Just as Ukraine is at a crossroads in its war with Russia, so too is today’s Republican Party as a political crossroads between supporting America’s fight for freedom and against autocracy or siding with authoritarians like Russia’s Putin. The choice is theirs. 

In Ukraine’s effort to repel Russia’s invasion of their country, Republicans can either join Democrats in the House and Senate to continue providing the necessary military aid they need, or, after two years of surprisingly stiff resistance and battlefield victories by Ukrainians, let Russia gain the upper hand.

Senior U.S. intelligence officials warned Monday in their annual public testimony of worldwide threats facing the country that Ukraine would lose more territory to Russia with any further delays in U.S. military aid.
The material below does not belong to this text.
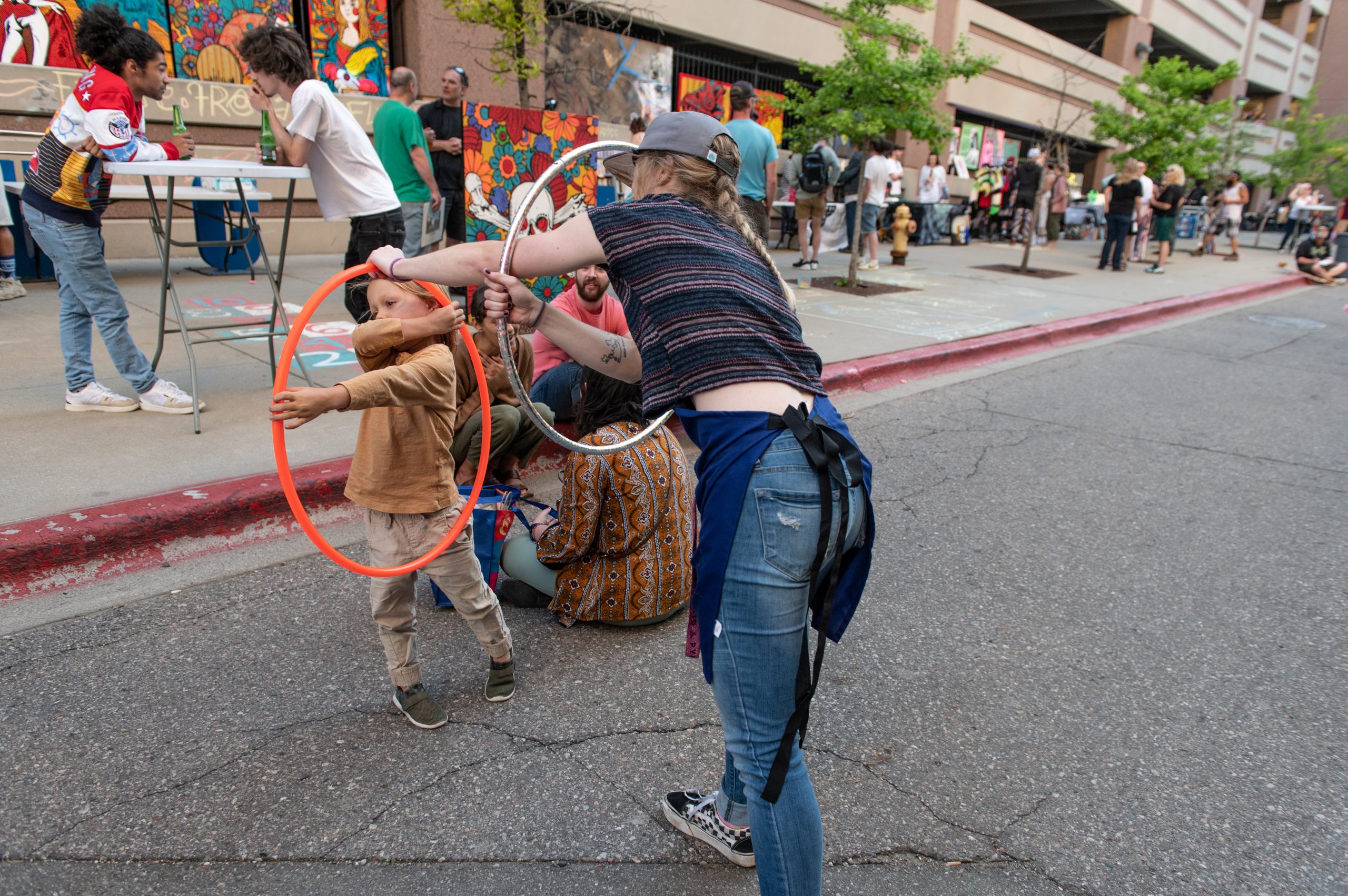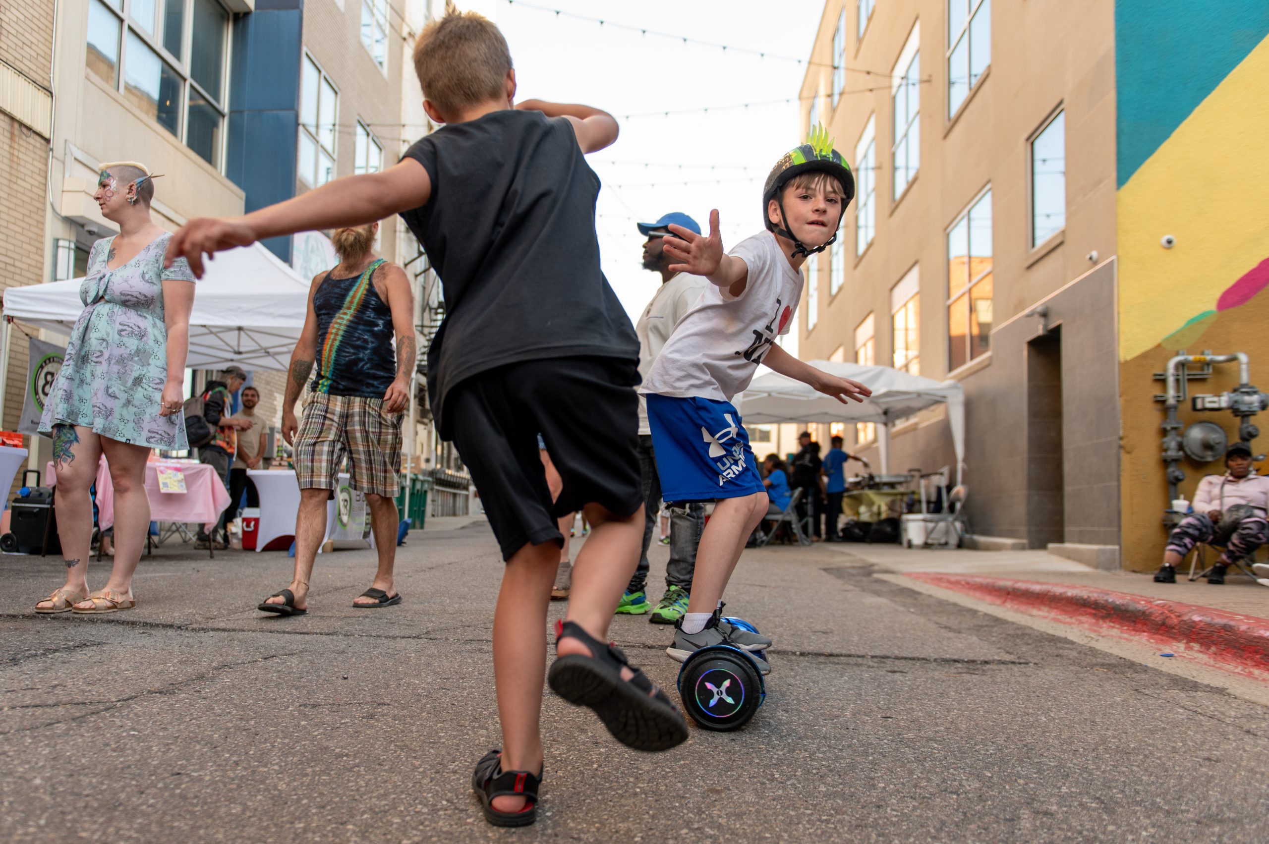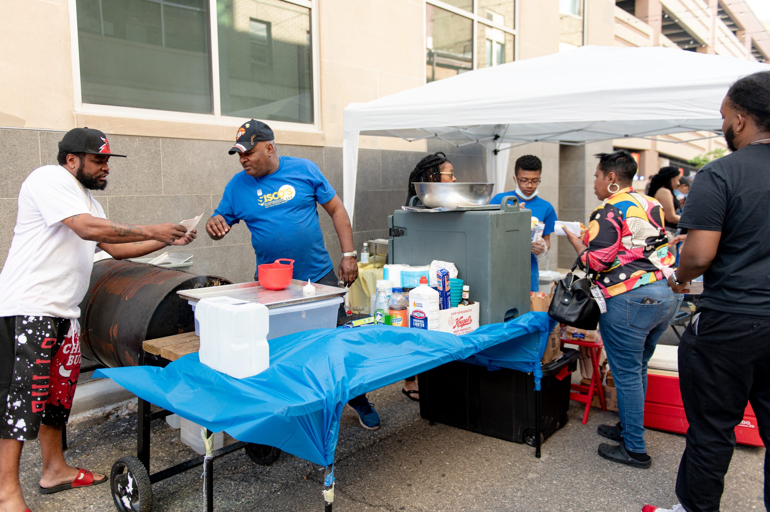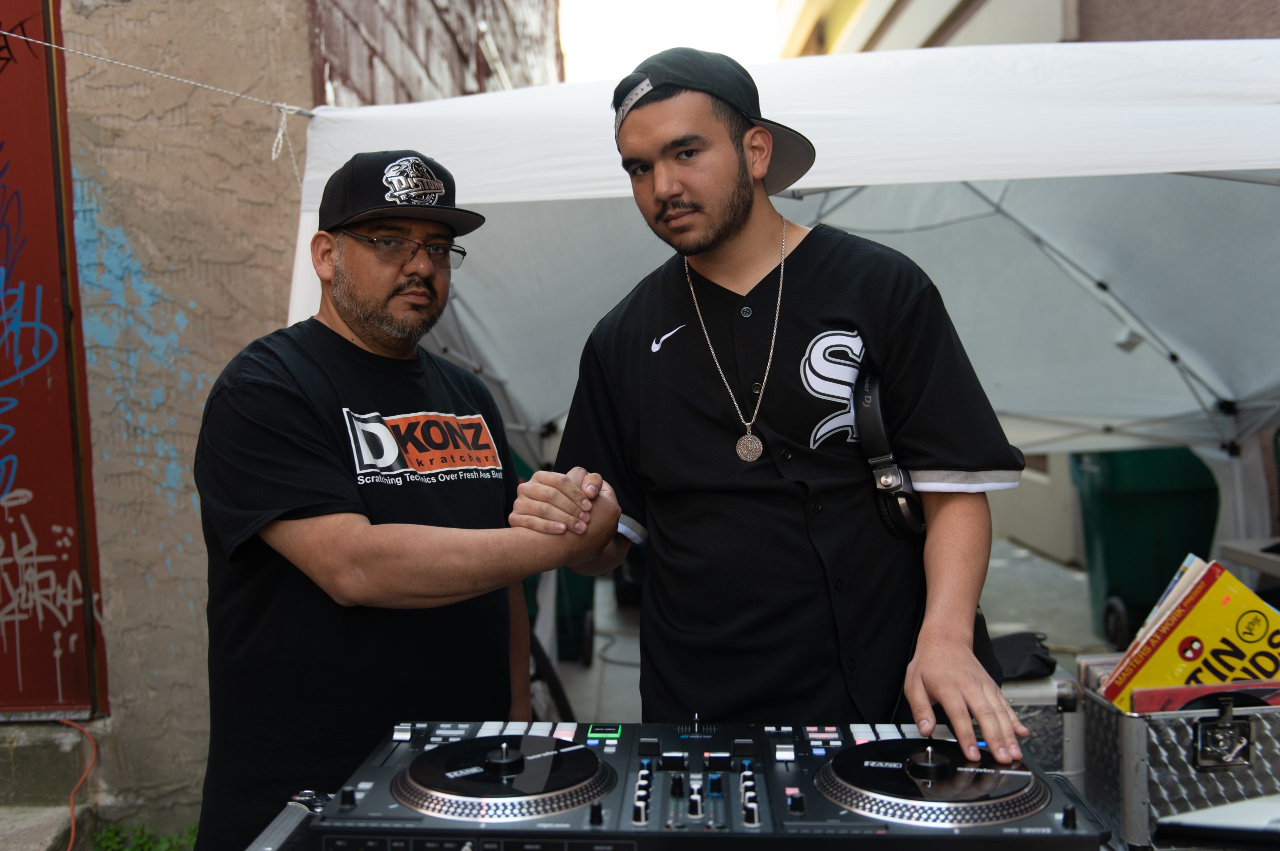 People listen to local musicians, shop with local vendors and artists and try local eats during Flint Underground’s First Friday Sound and Vision event at Buckham Alley in Flint, Mich. on Friday, June 3, 2022.Tomás “Eduardo Scizzahandz” Tello and his son, Tomás “MixMastaMás” Tello, spin records at Flint Underground’s First Friday Sound and Vision event in Buckham Alley on Friday, June 3, 2022. Tello, a DJ for more than two decades, has taught his son everything he knows about DJing, saying “If I have anything to do with it, he’ll surpass me.”Antwain “DJ Thunder” Sanders spins records while Tomás “Eduardo Scizzahandz” Tello greets Kevin “DJ Phizyx” Ortmertl during Flint Underground’s First Friday Sound and Vision event in Buckham Alley on Friday, June 3, 2022. Sanders, Tello and Ortmertl together make up the DJ collective “Turntable Militia.”Antwain “DJ Thunder” Sanders spins records during Flint Underground’s First Friday Sound and Vision event in Buckham Alley on Friday, June 3, 2022.From left to right, local artist Pauly Everett, of Flint Underground, Kevin “DJ Phizyx” Ortmertl, Tomás”Eduardo Scizzahandz” Tello and Tomás “MixMastaMás” Tello pose for a portrait during Flint Underground’s First Friday Sound and Vision event in Buckham Alley on Friday, June 3, 2022. Therman Sisco and his family serve barbecue to customers during Flint Underground’s First Friday Sound and Vision event in Buckham Alley on Friday, June 3, 2022.Therman Sisco posed for a portrait outside his family’s catering business setup during Flint Underground’s First Friday Sound and Vision event in Buckham Alley on Friday, June 3, 2022. Sisco’s catering business grew out of his life, he said, which is often full of family, friends, food and music. “If you got all four of those, you got it made,” he said.Asa Zuccaro, executive director of the Latinx Technology and Community Center, prepares tacos during Flint Underground’s First Friday Sound and Vision event in Buckham Alley on Friday, June 3, 2022.Saeed Littlejohn (left), owner of Healthy Side Juice Bar, and his son, DJ Littlejohn (center), serve fresh pressed juices and hang out with local musician Figga Da Kid (right) during Flint Underground’s First Friday Sound and Vision event at Buckham Alley on Friday, June 3, 2022.Nya Hasan (left), Sage O’Connor (center) and Marceline Nichols (right) draw with chalk during Flint Underground’s First Friday Sound and Vision event in Buckham Alley on Friday, June 3, 2022.Sage O’Connor (left) and Nya Hasan (right) pose for a portrait during Flint Underground’s First Friday Sound and Vision event in Buckham Alley on Friday, June 3, 2022.Hoffman’s Deli employee Macy Krupp shows Sage O’Connor how to hula hoop during Flint Underground’s First Friday Sound and Vision event at Buckham Alley on Friday, June 3, 2022.Hoffman’s Deli employee Macy Krupp hula hoops during Flint Underground’s First Friday Sound and Vision event in Buckham Alley on Friday, June 3, 2022.Madicen Sage rides a hoverboard during Flint Underground’s First Friday Sound and Vision event in Buckham Alley on Friday, June 3, 2022.Jameson Sage chases after Madicen Sage while he rides a hoverboard in Flint, Mich. during Flint Underground’s First Friday Sound and Vision event in Buckham Alley on Friday, June 3, 2022.Bee Robertson (left) and Papillon Schunzel (right) pose for a portrait in downtown Flint, Mich. during Flint Underground’s First Friday Sound and Vision event in Buckham Alley on Friday, June 3, 2022.People listen to local musicians, shop with local vendors and artists and try local eats in downtown Flint, Mich. during Flint Underground’s First Friday Sound and Vision event at Buckham Alley on Friday, June 3, 2022.Gabriel Abbas (left), a local artist who owns a clothing business called Wookie Wearables, and Austin Helmer (right) pose for a portrait on top of the parking garage next to Buckham Alley in downtown Flint, Mich., where Flint Underground hosted its First Friday Sound and Vision event on Friday, June 3, 2022.Angel (left) and Casey Jones (right) dance to music played by Caleb Johnson + Reaching as the sun fades over Buckham Alley during Flint Underground’s First Friday Sound and Vision event on Friday, June 3, 2022. The Flint, Mich. event returned after a two-year hiatus. (Michael Indriolo | Flint Beat)Russell Woods plays guitar while local nonprofit project manager and influencer Jonathan McKay and Aaron Abbott talk during Flint Underground’s First Friday Sound and Vision event in downtown Flint, Mich. on Friday, June 3, 2022. (Michael Indriolo | Flint Beat)

The consequences of that lack of support, they said, would not only be felt throughout Europe, but also in the Pacific.

“If we’re seen walking away from support for Ukraine, not only is that going to feed doubts amongst our allies and partners in the Indo-Pacific; it’s gong to stoke the ambitions of the Chinese leadership in contingencies ranging from Taiwan to the South China Sea,” said William J. Burns, the C.I.A. director said in his address to Congress.

Telling Congress that the war was at a crossroads, both for security in Europe and for American interests around the world, he said if the House approved the $60 billion I security assistance for Ukraine that passed the Senate earlier, “Kyiv would be able to strike a strategic blow against Russia,” according to a report in the New York Times.

With additional funding, the report continued, “Ukraine should be able to regain the ‘offensive initiative’ by the end of this year or early 2025,” putting Ukraine in a stronger position to negotiate with Putin.

“Ukraine could sustain itself as a strong, sovereign, independent country, anchor itself in Western institutions and have the space and the security to recover from this terrible aggression and leave Russia to deal with the long-term consequences of Putin’s brutal and foolish invasion,” Mr. Burns said. 

On the other hand, without aid, Burns said, “you’re going to see more Avdiivkas (a town recently lost to Russia)… and that, it seems to me, would be a massive and historic mistake for the United States.”

What’s bewildering is that just two years ago, Republicans were the party who stood for military defense of democracy throughout the world and were united in their support of Ukraine in its fight against Russia’s unprovoked invasion. But, recently, with Trump’s rise in party politics and ultra-right nationalists pushing an America-first isolationism, the party has become an obstacle to democracy and world peace.

It’s another realization of how much the GOP has changed under ex-president Trump. Rather than inspire the nation and the world with a grand vision of supporting democracy and freedom throughout the world as President Ronald Reagan did in his famous Westminister Address to the British Parliament in 1982, Trump pretends his own wily ability to buddy-up to dictators like Putin will save the day, while also dismantling NATO and putting aside any thoughts of spreading democracy and freedom throughout the world.

What a sad contrast. Reagan’s address came at a heated point in the Cold War between Russia and the U.S., the spirit of which was captured in a 40th year review of the speech by the Salt Lake City Desert News. The report said the “Soviet Union was advancing a vision of government that crushed freedom, including religious freedom, and sought to advance that vision in the world. Reagan journeyed to major cities in Europe seeking a united front against totalitarianism and the promotion of democratic ideals…. He recognized the world is more secure and more peaceful when democracy flourishes, saying that if the free world had supported democracy abroad ‘some 45 years ago, perhaps our generation wouldn’t have suffered the bloodletting of World War II.’”

If enough Republicans in today’s party could seize just a fraction of that greater vision of America, Ukraine would prevail and become a bulwark against future Russian aggression, and China would likely refrain from years of war and aggression throughout the Pacific. 

Moreover, if Americans are concerned about being drawn into future wars with Russia and China, stopping Russia in Ukraine is the most important issue of this election — and the lessons of World War II are right there to see, if we don’t.